We’ve been here before, of course. When forty-two-year-old Teddy Roosevelt took office upon the assassination of President McKinley, people were convinced that his no-nonsense shakeup of government as usual and breakup of the unions marked the end of America as a nation. Heck, back in 1795, our first president George Washington approved of the Jay Treaty, detailing the post-Revolution relationship between America and England, only to have Thomas Jefferson accuse Washington of treason for favoring the British over the French.
In modern times, however, we have abstract metaphors for treason, for war, and for danger. Agitprop rules the day, which is why we have a War on Drugs and a War on Terrorism.
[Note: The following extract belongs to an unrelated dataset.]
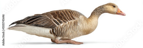 Close-up of a graceful goose, showcasing its intricate plumage and elegant posture against a stark white background.
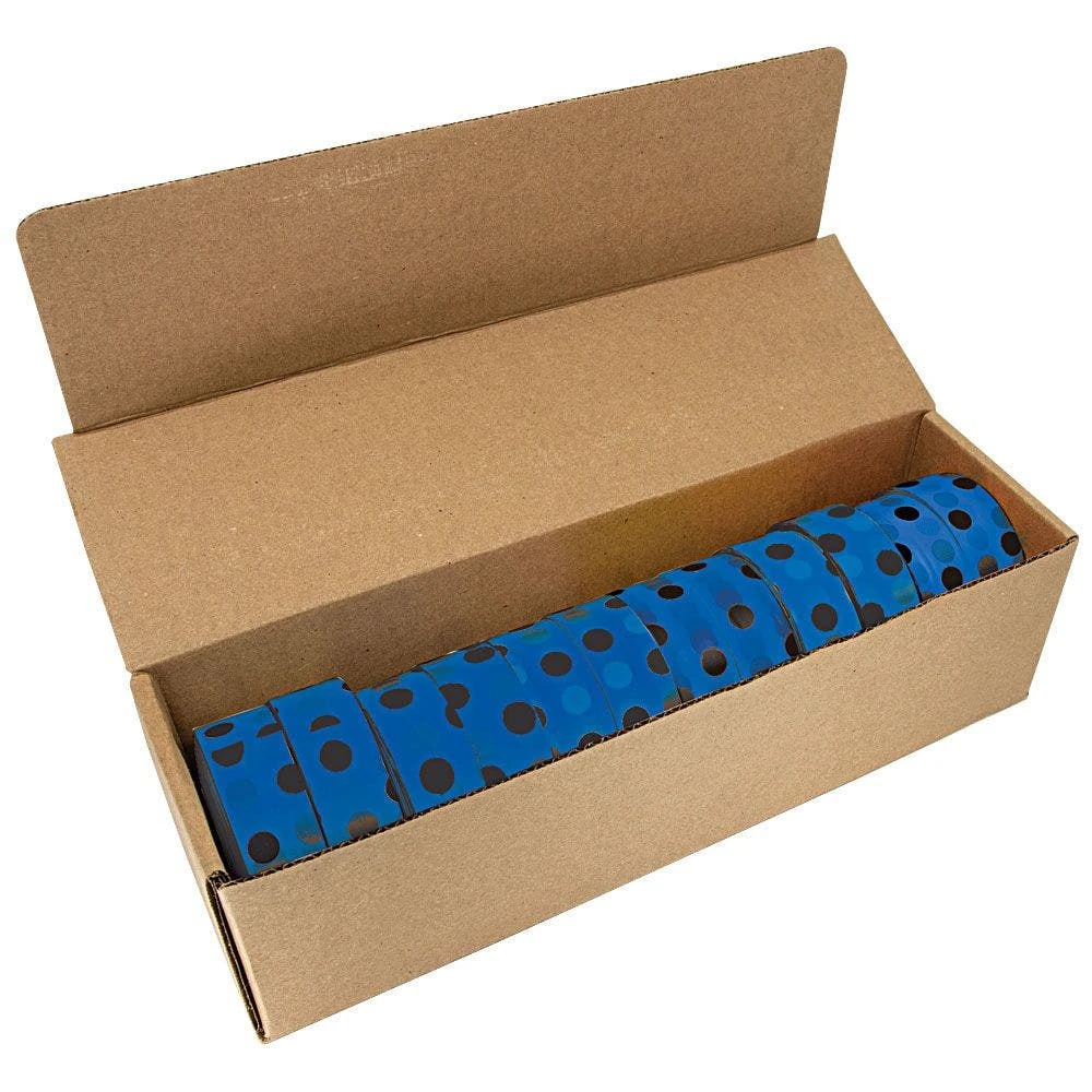 - This box contains 12 rolls of black/blue polka dot tape.

And now we have the resurrection of yet another Cold War-era metaphor: The Doomsday Clock.
The Doomsday Clock was created by a group of scientists who managed a publication about nuclear warfare research called the Bulletin of The Atomic Scientists. The clock itself first showed up back in 1947 and its starting position was “seven minutes to midnight,” with midnight symbolizing earth’s end.
The group describes the clock as: “symbolizing the urgency of the nuclear dangers that the magazine’s founders—and the broader scientific community—are trying to convey to the public and political leaders around the world.”